Даниил рассказал, как его несколько раз принимал иерусалимский король Болдуин, как взял его с собой в поход на Дамаск.
А Мономах все спрашивал — как устроено крестоносное войско, много ли попов берут крестоносцы с собой в поход и как попы несут в походе свою службу, на что Даниил отвечал, что главное дело епископов, и попов, и всего клира в походе укреплять мужеством души воинов.
Надвигалась зима 4110 года. Теперь, после похода Дмитра Иворовича, Мономах окончательно утвердился в мысли, что на половцев следует идти именно в зимнее время или ранней весной. В конце 1109 года он сносился гонцами с братьями, и в начале 1110 года Святополк, Владимир и Давыд Святославич согласились идти в степь искать войско Шарукана тем же путем, что шел к Донцу и Дмитр Иворович. Опытный воевода должен был идти в передовом сторожевом полку и пролагать дорогу всему русскому войску, Олег Святославич снова отказался помочь братьям, прислав гонца все с тем же коротким словом «нездоров». На этот раз братья не настаивали, не стыдили Олега. Из Новгород-Северского доходили вести о том, что Олег действительно ослаб телом и душой, почти не выходит из княжеского дворца.
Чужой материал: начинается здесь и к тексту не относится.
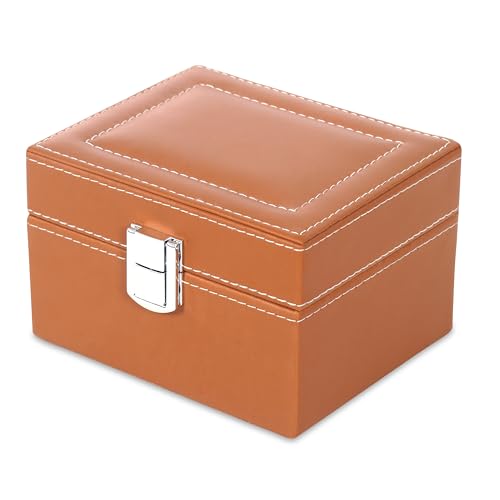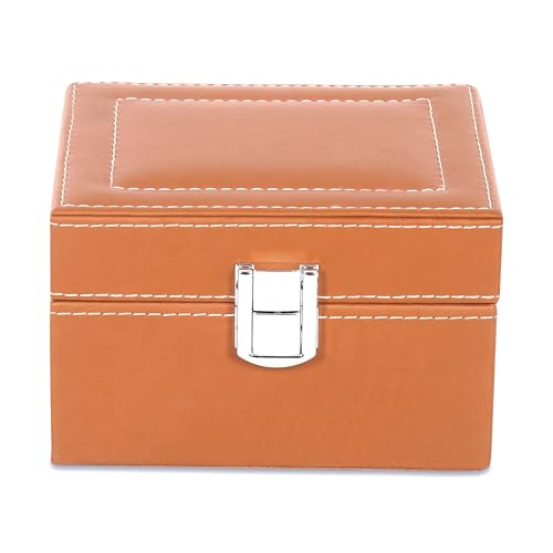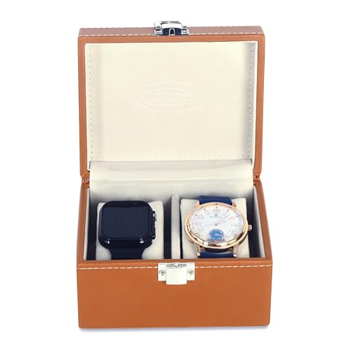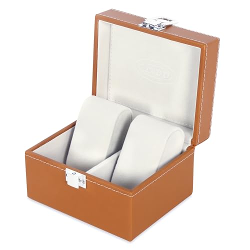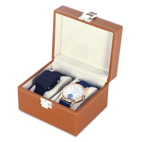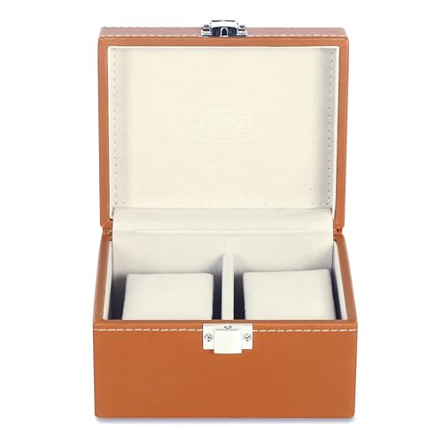 LEDO Men’s and Women’s Watch Box Holder Organizer Case In 2 Slots of watches In PU Leather with Tan & Cream color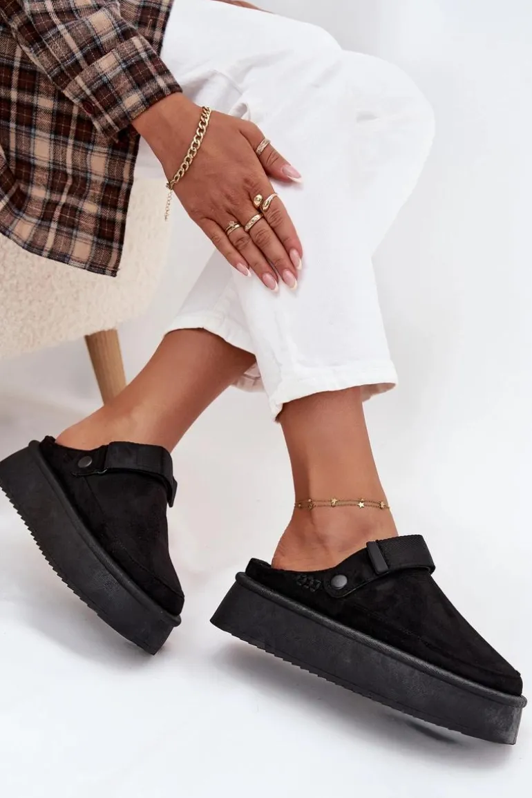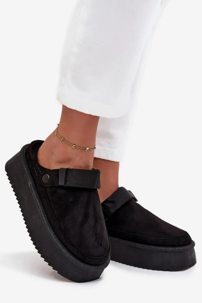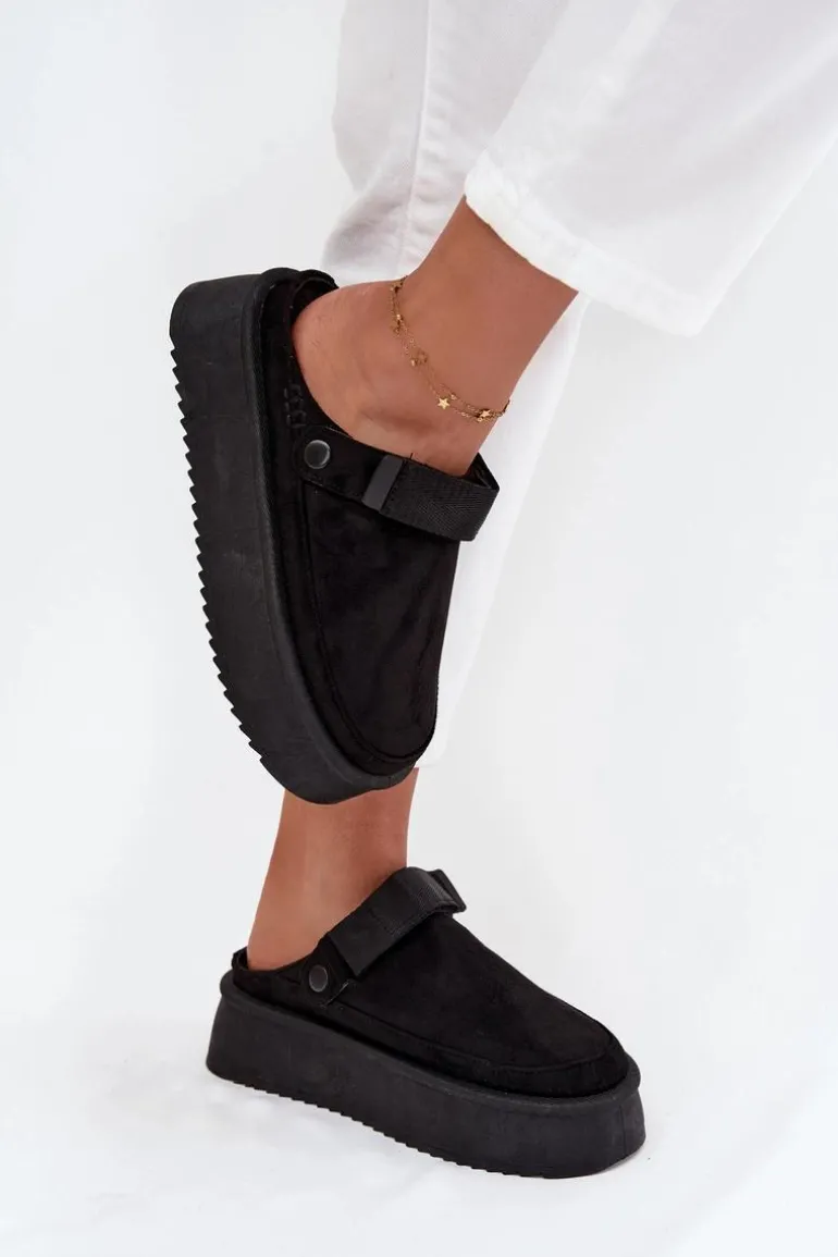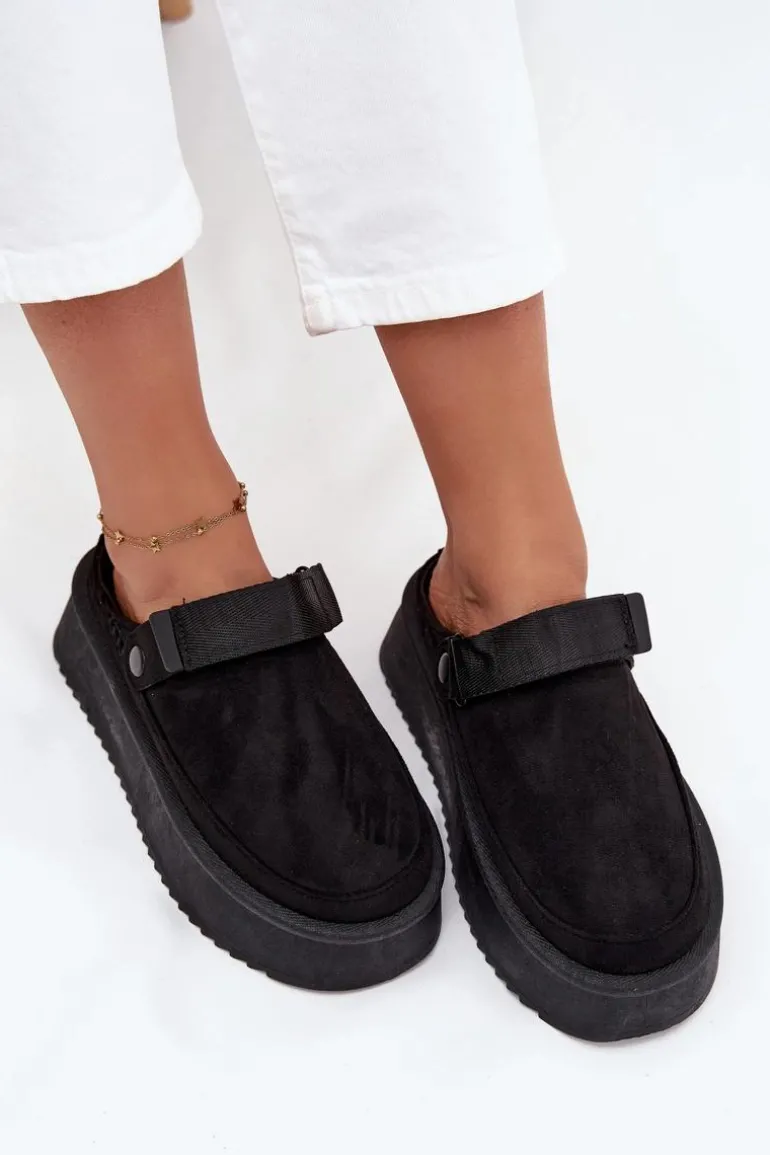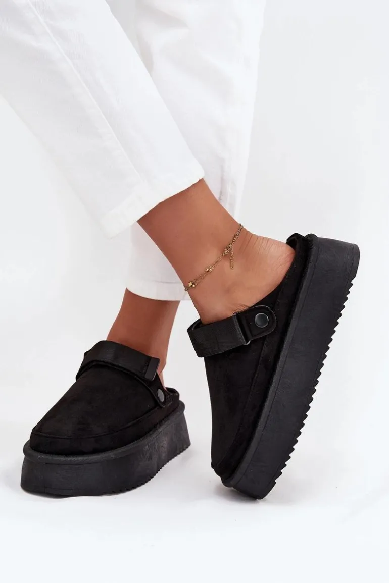 Ciepłe i wygodne śniegowce damskie wykonane z miękkiego eko zamszu to niezawodny wybór na zimowe dni. Osadzone na masywnej platformie skutecznie izolują stopy od zimnego podłoża, zapewniając komfort nawet podczas długich spacerów. Wnętrze wykończone miękkim futerkiem otula stopę przyjemnym ciepłem i chroni przed mrozem. Model posiada praktyczny, ruchomy pasek na rzep – możesz nosić go zarówno z przodu, jak i z tyłu buta. To idealne obuwie na co dzień.

Но своих воинов он прислал к брату Давыду.
Киевская, переяславская и черниговская дружины сошлись неподалеку от города Воина и двинулись в степь.
Январь в этом году выдался лютым. Стояли жестокие морозы с ветром, дующим с востока. Он колол снежной степной пылью лица воинов, сбивал дыхание у лошадей. Брони настудились настолько, что пальцы тут же примерзали к ним, пешцы пообморозили руки и ноги; не спасали и костры, которые войско запаливало, останавливаясь на отдых. Кони вдруг начали падать.
Князья съехались на совет и решили вернуть свои рати обратно по городам. Надо было сохранить людей, спасти оставшихся коней. К тому же в такую студеную зиму и половцы не посмеют высунуть носа из своих кибиток. Так, не дойдя даже до Донца, не говоря уже о стане Шарукана, где томились в неволе многие русские пленники, князья окончили поход.
Здесь же, в степи, под колючим ветром условились осенью встретиться вновь и подготовить новый поход против Шарукана уже в 1111 году.
Поход 1111 года
Всю весну приходили в себя дружины и пешцы после неудачного похода 1110 года, и к лету еще не готовы были русские рати к новой войне с половцами. И случилось так, будто кто дал весть в степь о трудностях и болезнях среди руссов, о нехватке у них боевых коней. Летом этого же года из донских степей вышло нечаянно множество половцев и ударили по Переяславлю. Владимир был в это время в Киеве у Святополка, и город оставался без князя.